European Task Force on Lymphoma project on lymphocyte predominance Hodgkin disease: histologic and immunohistologic analysis of submitted cases reveals 2 types of Hodgkin disease with a nodular growth pattern and abundant lymphocytes

Ioannis Anagnostopoulos, Martin-Leo Hansmann, Kaarle Franssila, Martin Harris, Nancy L. Harris, Elaine S. Jaffe, J. Han, J. M. van Krieken, Sibrand Poppema, Teresa Marafioti, Jeremy Franklin, Michael Sextro, Volker Diehl, and Harald Stein on behalf of the European Task Force on Lymphoma

From the Institute of Pathology, Klinikum Benjamin Franklin, Free University Berlin, Berlin, Germany; Senkenbergisches Center for Pathology, University of Frankfurt, Frankfurt, Germany; Department of Pathology, Helsinki University Central Hospital, Helsinki, Finland; Department of Pathology, Christie Hospital, Manchester, England; Department of Pathology, Massachusetts General Hospital, Boston MA; National Cancer Institute, Bethesda, MD; Department of Pathology, University Medical Center, Nijmegen, The Netherlands; Department of Pathology Faculty of Medical Sciences, University of Groningen, Groningen, The Netherlands; and the First Clinic for Internal Medicine, University of Cologne, Cologne, Germany.
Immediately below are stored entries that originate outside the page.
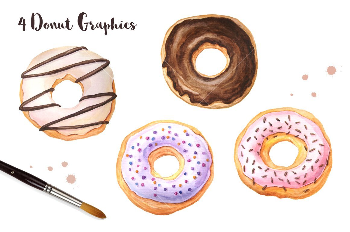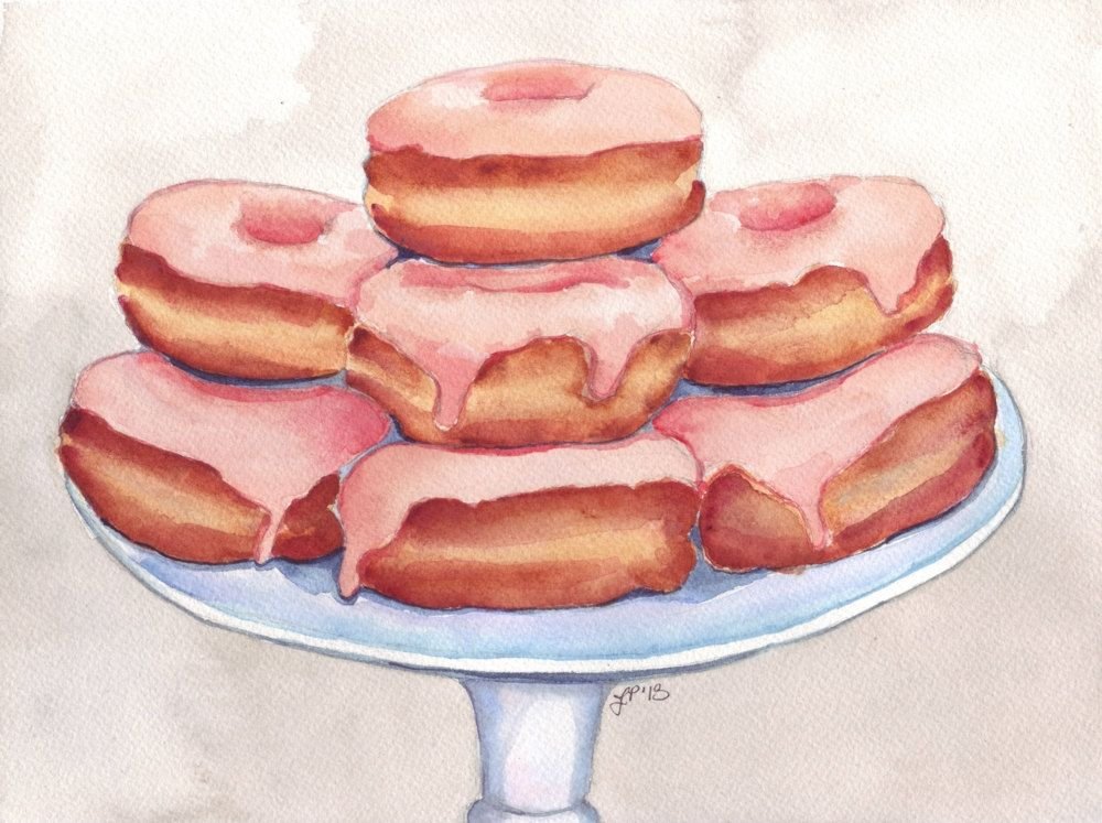 ![Пончики нарисованные акварелью]()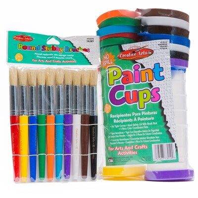 Charles Leonard Creative Arts Paint Cups & Round Stubby Bush Set (CHL73000)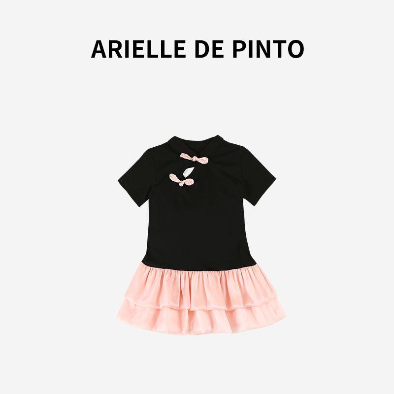 French Arielle De Pinto Girls' Chinese Style Butterfly Backless T-Shirt Dress Summer Dress for Girls

Paraffin blocks and clinical data from 521 patients with lymphocyte predominance Hodgkin disease (LPHD) diagnosed between 1970 and 1994 were collected from 16 European and United States oncological centers to establish the pathologic and clinical characteristics of a large patient cohort, to determine how frequent T-cell-rich large B-cell lymphoma (TCRLBCL) is among LPHD, and to find differential diagnostic criteria distinguishing between the 2 lymphoma categories. For this purpose, conventionally and immunohistologically stained sections were reviewed by a panel of hematopathologists. The diagnosis of LPHD was confirmed in only 219 of the 388 assessable cases (56.5%). This low confirmation rate was due mainly to the presence of a new variant of classical Hodgkin disease (CHD), which resembled, in terms of nodular growth and lymphocyte-richness, nodular LPHD and, in terms of the immunophenotype of the tumor cells, CHD and was designated nodular lymphocyte-rich CHD (NLRCHD). The nodules of LRCHD consisted---as in nodular LPHD---predominantly of B cells but differed from those present in LPHD in that they represented expanded mantle zones with atrophic germinal centers. Clinically, patients with LPHD and NLRCHD showed similar disease characteristics at presentation but differed in the frequency of multiple relapses and prognosis after relapse. Patients with LPHD and NLRCHD clearly differed from patients with CHD with nodular sclerosis or mixed cellularity, as they presented with an earlier disease stage and infrequent mediastinal involvement. As 97% of the LPHD cases showed a complete or partial nodular growth pattern, their differentiation from TCRLBCL was a rare problem in the present series.

© 2000 by The American Society of Hematology.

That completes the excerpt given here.